(Beginning of Supplied records)

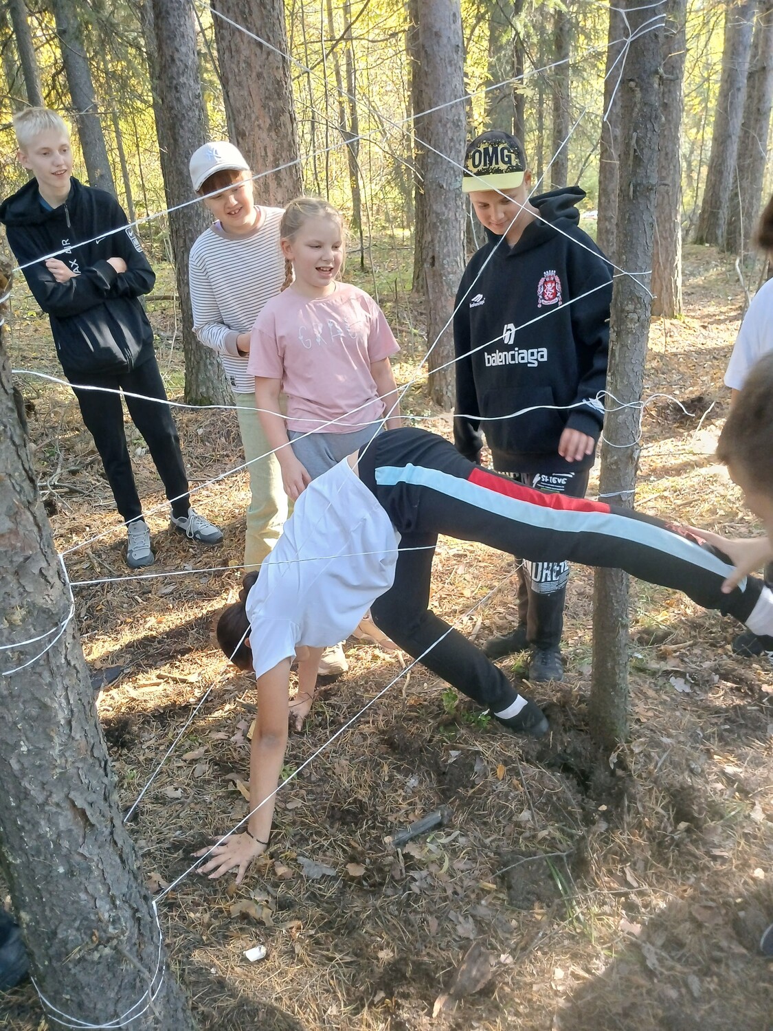 Первым заданием для детей было «попасть в цель». У каждого обучающегося было по 5 шишек, которыми они должны были попасть в обруч и как можно большее количество раз. Вторым заданием обучающиеся должны были пройти «паутинку» стараясь не задеть ее. И третьем заданием было перетягивание каната. Обучающиеся несколько раз делились на команды и старательно участвовали в задании.
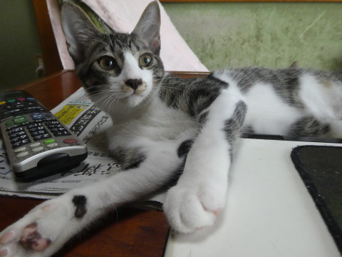 キジ白で可愛い男の子。生後3週間目のころから大事に育てました。何度も具合が悪くなって病院へ行き強食をやったり薬を飲ませたりしたので人馴れは十分、甘えん坊です。猫を初めて飼う人にもおすすめできます。今は体重5kg弱ぐらい。
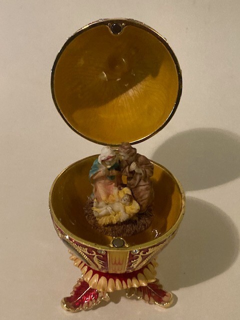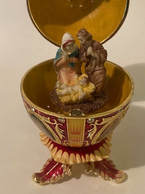 Vintage Fabergé Egg Replica Religious Nativity Royal Jewel Egg Trinket Box
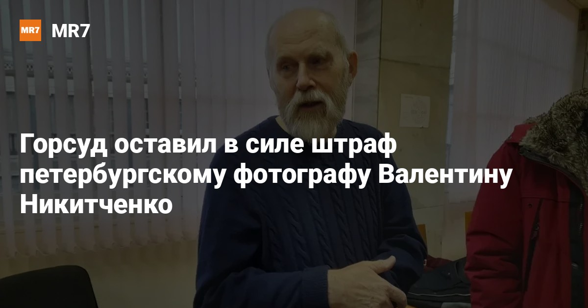 Горсуд Петербурга оставил без изменений апелляционную жалобу фотографа Валентина Никитченко, который пытался оспорить решение Колпинского суда, признавшего его виновным по статье 20.3.3 КоАП за публикации на его собственном сайте.
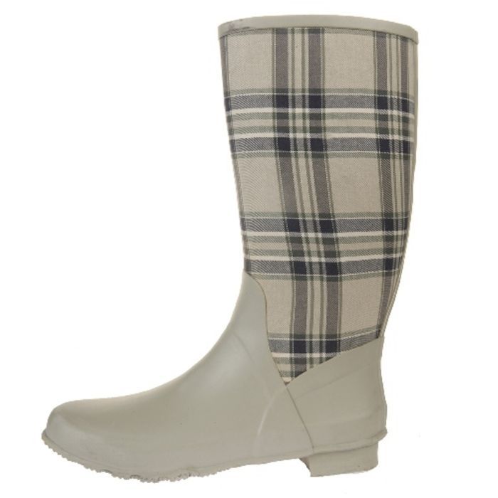 Description: Γαλότσα σε εκρού απόχρωση του οίκου Belstaff από πλαστικό και ύφασμα σε καρώ μοτίβο. Το ύψος του τακουνιού είναι 0,5 cm, η περιφέρεια της γάμπας 34 cm ενώ το ύψος της 32 cm. Μία άριστα κατασκευασμένη γαλότσα με συνθετικό πάτο και λάστιχο στη σόλα που σας εξασφαλίζει ασφαλές περπάτημα στη βροχή ενώ παράλληλα σας δίνει μία μοντέρνα νότα στην εμφάνισή σας.
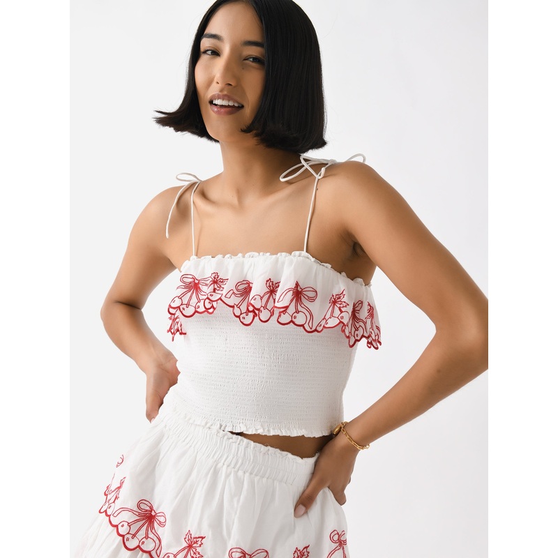 A slightly cropped smocked tank top featuring self-tie straps and a cherry embroidered ruffle-trimmed neckline.

(End of Supplied records)

▶ Instructions to follow
Return only the stretch above from the line containing "キジ白で可愛い男の子。生後3" through the line containing "Description: Γαλότσα σε", word for word and without pictures.

▶ Written answer
 キジ白で可愛い男の子。生後3週間目のころから大事に育てました。何度も具合が悪くなって病院へ行き強食をやったり薬を飲ませたりしたので人馴れは十分、甘えん坊です。猫を初めて飼う人にもおすすめできます。今は体重5kg弱ぐらい。
 Vintage Fabergé Egg Replica Religious Nativity Royal Jewel Egg Trinket Box
 Горсуд Петербурга оставил без изменений апелляционную жалобу фотографа Валентина Никитченко, который пытался оспорить решение Колпинского суда, признавшего его виновным по статье 20.3.3 КоАП за публикации на его собственном сайте.
 Description: Γαλότσα σε εκρού απόχρωση του οίκου Belstaff από πλαστικό και ύφασμα σε καρώ μοτίβο. Το ύψος του τακουνιού είναι 0,5 cm, η περιφέρεια της γάμπας 34 cm ενώ το ύψος της 32 cm. Μία άριστα κατασκευασμένη γαλότσα με συνθετικό πάτο και λάστιχο στη σόλα που σας εξασφαλίζει ασφαλές περπάτημα στη βροχή ενώ παράλληλα σας δίνει μία μοντέρνα νότα στην εμφάνισή σας.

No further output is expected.